2.6.1. De Morgan’s Laws¶

De Morgan’s Laws were developed by Augustus De Morgan in the 1800s. They show how to simplify the negation of a complex boolean expression, which is when there are multiple expressions joined by an and (&&) or or (||), such as (x < 3) && (y > 2). When you negate one of these complex expressions, you can simplify it by flipping the operators and end up with an equivalent expression. De Morgan’s Laws state the following equivalencies. Here’s an easy way to remember De Morgan’s Laws: move the NOT inside, AND becomes OR and move the NOT inside, OR becomes AND.

../_images/demorgan.png — Figure 1: De Morgan’s Laws to simplify complex expressions¶

In Java, De Morgan’s Laws are written with the following operators:

!(a && b) is equivalent to !a || !b

!(a || b) is equivalent to !a && !b

Going back to our example above, !(a senior && at our high school) is equivalent to !(a senior) or !(at our high school) using De Morgan’s Laws:

!(a && b) is equivalent to !a || !b

a = "senior"
b = "at our high school"

You can also simplify negated boolean expressions that have relational operators like <, >, ==. You can move the negation inside the parentheses by flipping the relational operator to its opposite sign. For example, not (c equals d) is the same as saying c does not equal d. An easy way to remember this is To move the NOT, flip the sign. Notice that == becomes !=, but < becomes >=, > becomes <=, <= becomes >, and >= becomes < where the sign is flipped and an equal sign may also be added or removed.
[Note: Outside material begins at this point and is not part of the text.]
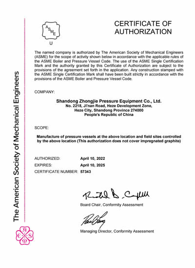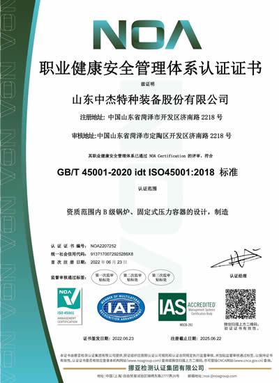 山東中杰特種裝備股份有限公司(原菏澤鍋爐廠有限公司)成立于1984年,公司先后被評(píng)為“高新技術(shù)企業(yè)”,“山東省專(zhuān)精特新企業(yè)”,“山東省瞪羚企業(yè)”,“山東省制造業(yè)單項(xiàng)冠軍企業(yè)”,2022年8月被工信部認(rèn)定為“國(guó)家專(zhuān)精特新小巨人企業(yè)”等榮譽(yù)。公司擁有自營(yíng)進(jìn)出口權(quán),具有A級(jí)鍋爐制造許可及A2級(jí)壓力容器制造許可資質(zhì),A2級(jí)壓力容器設(shè)計(jì)許可資質(zhì),B級(jí)鍋爐安裝和GB2類(lèi)、GC2類(lèi)壓力管道安裝許可資質(zhì)及三級(jí)機(jī)電設(shè)備安裝專(zhuān)業(yè)承包資質(zhì),是中國(guó)鍋爐與水處理協(xié)會(huì)會(huì)員單位、中國(guó)化工裝備協(xié)會(huì)會(huì)員單位和山東省裝備制造協(xié)會(huì)理事單位,并通過(guò)了ISO9001質(zhì)量管理體系、ISO14001環(huán)境管理體系、OHSAS18001職業(yè)健康安全管理體系認(rèn)證和美國(guó)ASME/U2認(rèn)證。

!(c == d) is equivalent to c != d

!(c != d) is equivalent to c == d

!(c < d) is equivalent to c >= d

!(c > d) is equivalent to c <= d

!(c <= d) is equivalent to c > d

!(c >= d) is equivalent to c < d

2.6.2. Truth Tables¶

Although you do not have to memorize De Morgan’s Laws for the CSA Exam, you should be able to show that two boolean expressions are equivalent. One way to do this is by using truth tables. For example, we can show that !(a && b) is equivalent to !a || !b by constructing the truth table below and seeing that they give identical results for the 2 expressions (the last 2 columns in the table below are identical!).

a	b	!(a && b)	!a \|\| !b
true	true	false	false
false	true	true	true
true	false	true	true
false	false	true	true

2.6.3. Simplifying Boolean Expressions¶

Often, you can simplify boolean expressions to create equivalent expressions. For example, applying De Morgan’s Laws to !(x < 3 && y > 2) yields !(x < 3) || !(y > 2) as seen in the figure below. This can then be simplified further by flipping the relational operators to remove the not. So, !(x < 3) || !(y > 2) is simplified to (x >= 3 || y <= 2) where the relational operators are flipped and the negation is removed. These two simplification steps are seen below.
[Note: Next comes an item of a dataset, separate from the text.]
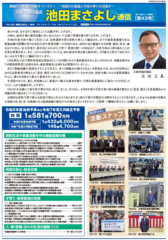 池田まさよし通信第43号を追加しました。 メニューの「池田まさよし通信」よりダウンロード下さい。
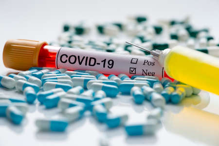 blood collection tube for clinical analysis, with covid-19 label, and capsules of medicine pills

../_images/demorganex.png — Figure 2: An example boolean expression simplified¶

Coding Exercise

For what values of x and y will the code below print true? Try out different values of x and y to check your answer.

Check your understanding

2-6-2: What is printed when the following code executes and x equals 4 and y equals 3?

int x = 4, y = 3;
if (!(x < 3 || y > 2))
{
   System.out.println("first case");
}
else
{
   System.out.println("second case");
}

first case
This will be printed if x is greater or equal to 3 and y is less than or equal to 2. The first part is true but the second is false. Since the statements are joined by an and the complex expression is false.
second case
This will be printed if x is less than 3 or y is greater than 2. In this case the first will be false, but the second true so since the statements are joined with an or the complex expression is true.
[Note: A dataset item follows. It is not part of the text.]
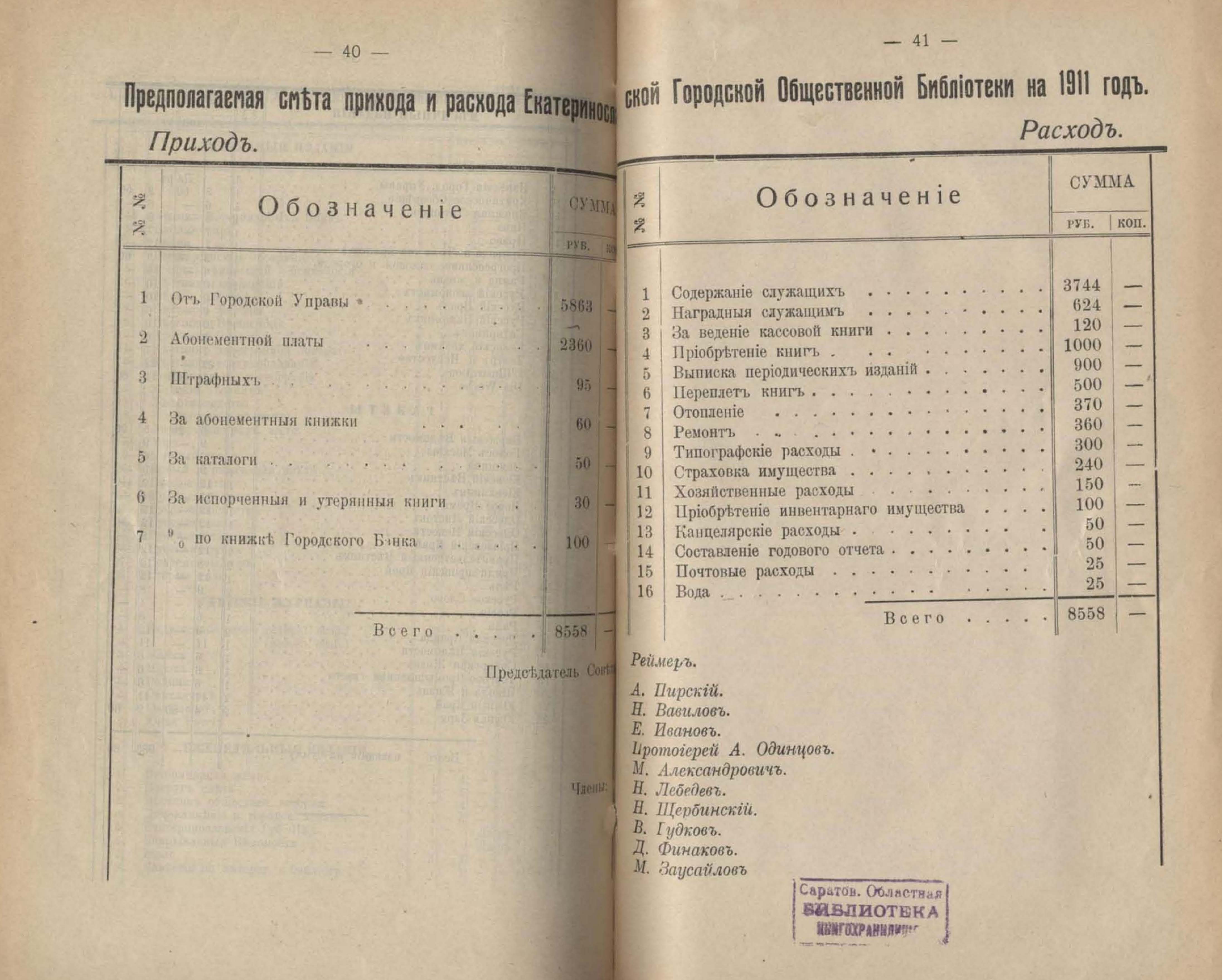Предполагаемая смъта прихода и расхода Екатеринославской Городской Общественной Библіотеки на 1911 годъ

2-6-3: What is printed when the following code executes and x equals 4 and y equals 3?

int x = 4, y = 3;
if (!(x < 3 && y > 2))
{
   System.out.println("first case");
}
else
{
   System.out.println("second case");
}

first case
This will be printed if x is greater than or equal to 3 or y is less than or equal to 2. In this case x is greater than 3 so the first condition is true.
second case
This will be printed if x is less than 3 and y is greater than 2.

2.6.4. Comparing Objects¶

Comparing objects is a little different than comparing primitive typed values like numbers. Objects can be very complex and have many attribute values or instance variables inside them. For example, the Turtle objects have many instance variables like name, width, height, xPos, yPos, etc. When comparing two Turtle objects, we need a specially written equals method to compare all of these values. In the next sections, we will take a look at String objects and the difference between comparing them with == vs. the equals method.

2.6.5. String Equality¶

The equals method for Strings compares two strings letter by letter. s1.equals(s2) is true if s1 and s2 have all the same characters in the same order. With Strings and other objects, you almost always use equals instead of == to check their equality.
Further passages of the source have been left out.